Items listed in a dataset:
________________________________________

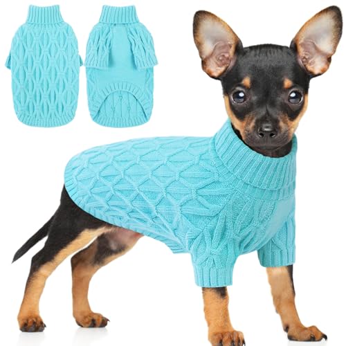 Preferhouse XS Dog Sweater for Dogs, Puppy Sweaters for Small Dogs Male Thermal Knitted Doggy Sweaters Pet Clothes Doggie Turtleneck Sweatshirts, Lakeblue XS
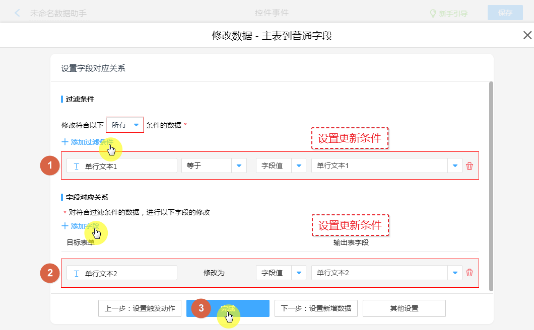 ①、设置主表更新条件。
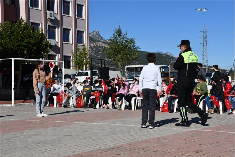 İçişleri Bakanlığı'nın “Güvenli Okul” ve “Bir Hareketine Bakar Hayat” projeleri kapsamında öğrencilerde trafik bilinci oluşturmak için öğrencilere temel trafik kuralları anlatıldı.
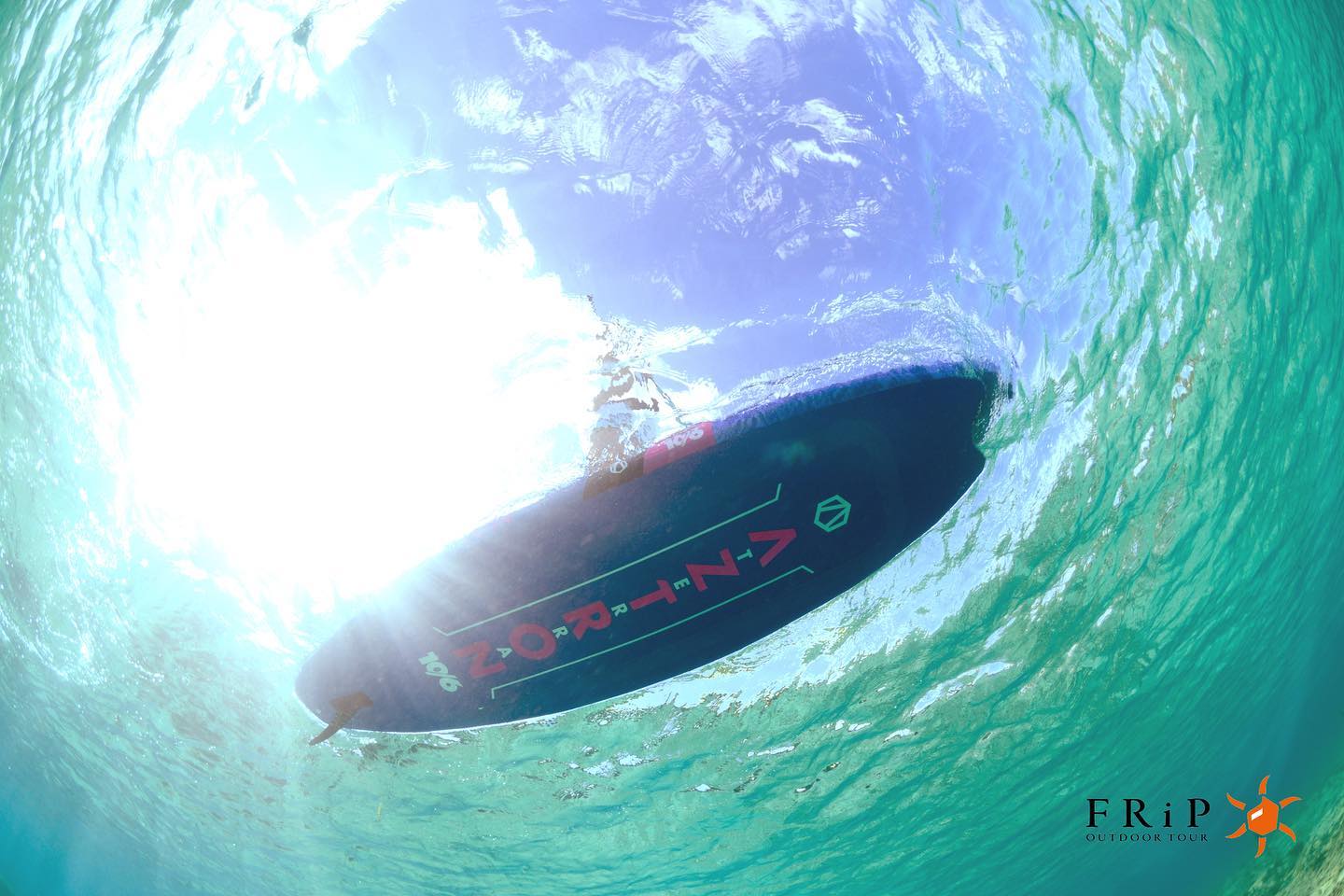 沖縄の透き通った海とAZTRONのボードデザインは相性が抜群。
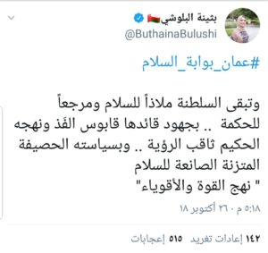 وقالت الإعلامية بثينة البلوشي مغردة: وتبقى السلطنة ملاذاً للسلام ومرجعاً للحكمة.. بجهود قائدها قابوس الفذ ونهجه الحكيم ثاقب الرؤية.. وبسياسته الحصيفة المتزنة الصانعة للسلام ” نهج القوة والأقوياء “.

________________________________________

**WHAT IS BEING ASKED**
For this exercise, transcribe the data exactly but without its pictures.

**SOLUTION FOR THIS PROBLEM**
 Preferhouse XS Dog Sweater for Dogs, Puppy Sweaters for Small Dogs Male Thermal Knitted Doggy Sweaters Pet Clothes Doggie Turtleneck Sweatshirts, Lakeblue XS
 ①、设置主表更新条件。
 İçişleri Bakanlığı'nın “Güvenli Okul” ve “Bir Hareketine Bakar Hayat” projeleri kapsamında öğrencilerde trafik bilinci oluşturmak için öğrencilere temel trafik kuralları anlatıldı.
 沖縄の透き通った海とAZTRONのボードデザインは相性が抜群。
 وقالت الإعلامية بثينة البلوشي مغردة: وتبقى السلطنة ملاذاً للسلام ومرجعاً للحكمة.. بجهود قائدها قابوس الفذ ونهجه الحكيم ثاقب الرؤية.. وبسياسته الحصيفة المتزنة الصانعة للسلام ” نهج القوة والأقوياء “.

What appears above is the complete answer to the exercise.